Mısır mahkemesi İslamî Direniş Hareketi (Hamas)`ın terörist bir hareket olduğuna karar vermişse, Siyonist Başbakan Benyamin Netanyahu`nun Nobel Barış Ödülüne aday olma hakkı doğmuş demektir. Çünkü kendisi Hamas`a düşmandır. Yine İslami direniş hareketlerine düşmanlık besleyen ve Filistin davasını boğazlamak için elide bıçak tutan işgal rejimi İsrail`in de Siyonist devlet özelliğiyle Arap Birliği'ne üye olma hakkı doğmuş demektir.
İslamî Direniş Hareketi (Hamas)`ı terör örgütü ilan eden mahkemenin kararını duyan Mısır halkı gözü önünde olup bitenlere inanamıyor. Hayfa`dan Tel Aviv`e kadar füze atan Kassam Tugayları'nın terörist ilan edilmesine bir türlü inanamıyor. Hâlbuki Hamas her fırsatta işgal rejimi dışında kimseye bir tek mermi bile sıkmadığını, sıkmayacağını, silahını sadece işgalciye doğrulttuğunu ifade ediyor. Bunu söyleyen bir hareket, silahını Mısır ordusuna; Filistin direnişinin siyasi, tarihi, ahlaki, akaidi dayanağı olan Mısır halkına nasıl ve neden çevirsin?
Hamas hareketiyle onun askeri kanadı İzzeddin El-Kassam Tugayları terörist yapılmışsa o zaman İslami Cihad, Ebu Ali Mustafa Tugayları, Halk Direniş Komiteleri ve işgale karşı direnen herkesi, bütün Filistinli direniş gruplarını terörist ilan eden Siyonist askeri mahkemelerle kesişen Mısır mahkemesinin gözünde de bu grupların hepsi teröristtir.
Mısır mahkemesi direnişin gücüne asla zarar veremez. Mısır ordusu da şu anda Gazze üzerindeki kuşatmayı ağırlaştırdığından daha fazlasını yapamaz. Mısır ordusu Gazze`ye karşı askeri operasyon da yapamaz. Çünkü bunu ancak işgal ordusuyla yapacağı işbirliği ve koordinasyonla gerçekleştirebilir. Zira uluslararası kanunlara göre Gazze halen İsrail`in işgali altında bir topraktır. Onun coğrafi sınırları hâlâ işgal rejiminin sınırları içinde görünmektedir. Bu sınırlara karşı yapılacak bir tecavüz işgal rejimine yapılmış sayılır. Ancak Mısır, işgal ordusuyla arasındaki güvenlik işbirliğini gizleme ihtiyacı hissetmeyecek şekilde açıkça ve herkesin önünde böyle bir saldırı yaparsa bu ayrı. Ancak bunu Mısır halkı kabul etmeyeceği gibi, ülkesine bağlı ve düşmana karşı öfke besleyen on binlerce subay ve asker de kabul etmeyecektir.

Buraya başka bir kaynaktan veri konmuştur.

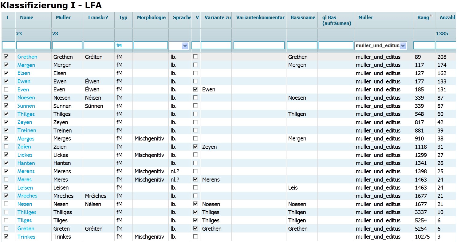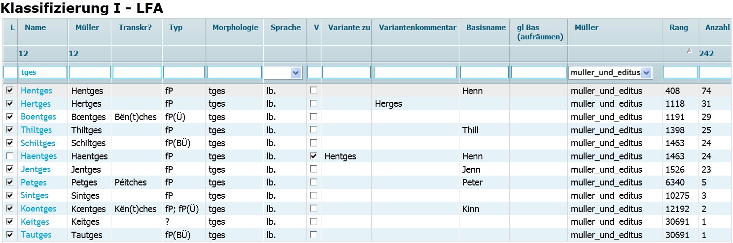 Das Projekt verfolgt u.a. das Ziel, die Informationen und Untersuchungen zu den einzelnen Familiennamen in einer Datenbank zu vereinen und zu archivieren. Zur Entwicklung des Datenbankfrontend wurde die Javascript-Umgebung DHTMLXgrid verwendet, die eine flexible Gestaltung von datenbankgenerierten Tabellen auf XML-Basis bereitstellt. Die einzelnen Spalten der Datenbank sind durchsuchbar und beliebig sortierbar. Damit können z.B. alle Namen auf -tges angezeigt werden. Bei diesen handelt es sich meist um genitivische Bildungen zu Namen auf -tgen und sie sind daher flektierte Patronyme (zum Namen des Vaters) und in selteneren Fällen flektierte Metronyme (zum Namen der Mutter):

İslamî Direniş Hareketinin terörle suçlanması temelde Filistin davasının suçlanmasıdır. Bu kararla Mısır mahkemesi Filistin halkına karşı insanlık dışı cinayetler işleyen işgal rejiminin Uluslararası Ceza Mahkemesi'nde temize çıkarılmasına katkı sundu. Bu karara karşı çok hızlı ve acilen üç tepkinin ortaya konması gerekir:
Birincisi: Filistin`de resmi olarak karara tepki verilmesini bekliyoruz. Filistin yönetiminin resmi olarak Filistin direniş hareketlerinin terörden uzak olduklarını belirtmesi, karara karşı Arap Birliğini toplantıya çağırması ve Filistin davasına destek ve güvenin yenilenmesini sağlaması gerekir.
İkincisi: Kararı kınamaları için Filistinli gruplardan da tavır bekliyoruz. Bütün grupların Filistin özgürlük hedefi arkasında saf tutup başka ülkelerin iç işlerine karışmadıklarını bir kez daha ilan etmeleri gerekir.
Üçüncüsü: Halk bazında da tepki bekliyoruz. Filistin ve Mısır'da milyonların meydanlara inip kararı protesto etmelerini, son savaşta olduğu gibi Arapların kafasını eğikken dikleştiren, düşmanın yenilmez ordu efsanesini yıkan Filistin silahlı direnişini desteklediklerini, onun yanında olduklarını ilan etmelerini umuyoruz.